• **WHAT YOU SHOULD DO**
Would you quote the material below from its first line through the line containing "siroca ハイブリッド加湿器 SHH-140取扱説明書です。※こちらは加湿器ではございません。加湿器の「取扱説明書」です。", exactly and with both ends included?

• **AVAILABLE DATA**
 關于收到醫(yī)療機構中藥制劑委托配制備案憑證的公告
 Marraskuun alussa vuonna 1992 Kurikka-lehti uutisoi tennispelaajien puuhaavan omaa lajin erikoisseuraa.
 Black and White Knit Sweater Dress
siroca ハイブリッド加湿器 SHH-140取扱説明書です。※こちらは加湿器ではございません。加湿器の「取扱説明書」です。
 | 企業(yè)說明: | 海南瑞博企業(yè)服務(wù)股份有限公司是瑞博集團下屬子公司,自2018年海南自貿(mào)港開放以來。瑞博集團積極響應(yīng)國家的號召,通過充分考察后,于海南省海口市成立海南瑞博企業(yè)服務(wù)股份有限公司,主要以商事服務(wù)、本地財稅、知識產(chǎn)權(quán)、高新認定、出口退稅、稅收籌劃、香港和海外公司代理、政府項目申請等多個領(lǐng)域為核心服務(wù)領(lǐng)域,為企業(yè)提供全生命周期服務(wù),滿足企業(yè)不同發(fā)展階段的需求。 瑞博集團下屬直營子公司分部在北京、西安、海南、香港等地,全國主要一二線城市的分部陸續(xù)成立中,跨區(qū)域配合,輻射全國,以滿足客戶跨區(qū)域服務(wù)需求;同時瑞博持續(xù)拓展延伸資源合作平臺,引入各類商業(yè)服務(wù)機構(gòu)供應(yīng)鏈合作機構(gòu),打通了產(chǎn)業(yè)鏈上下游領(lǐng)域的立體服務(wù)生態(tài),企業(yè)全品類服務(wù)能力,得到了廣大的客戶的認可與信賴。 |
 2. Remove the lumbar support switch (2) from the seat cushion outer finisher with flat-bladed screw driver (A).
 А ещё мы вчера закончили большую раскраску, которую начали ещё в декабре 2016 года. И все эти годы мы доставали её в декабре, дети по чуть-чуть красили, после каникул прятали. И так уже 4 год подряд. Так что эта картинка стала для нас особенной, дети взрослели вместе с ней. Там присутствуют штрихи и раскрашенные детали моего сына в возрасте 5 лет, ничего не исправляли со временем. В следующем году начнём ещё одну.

• **EXERCISE SOLUTION**
 關于收到醫(yī)療機構中藥制劑委托配制備案憑證的公告
 Marraskuun alussa vuonna 1992 Kurikka-lehti uutisoi tennispelaajien puuhaavan omaa lajin erikoisseuraa.
 Black and White Knit Sweater Dress
siroca ハイブリッド加湿器 SHH-140取扱説明書です。※こちらは加湿器ではございません。加湿器の「取扱説明書」です。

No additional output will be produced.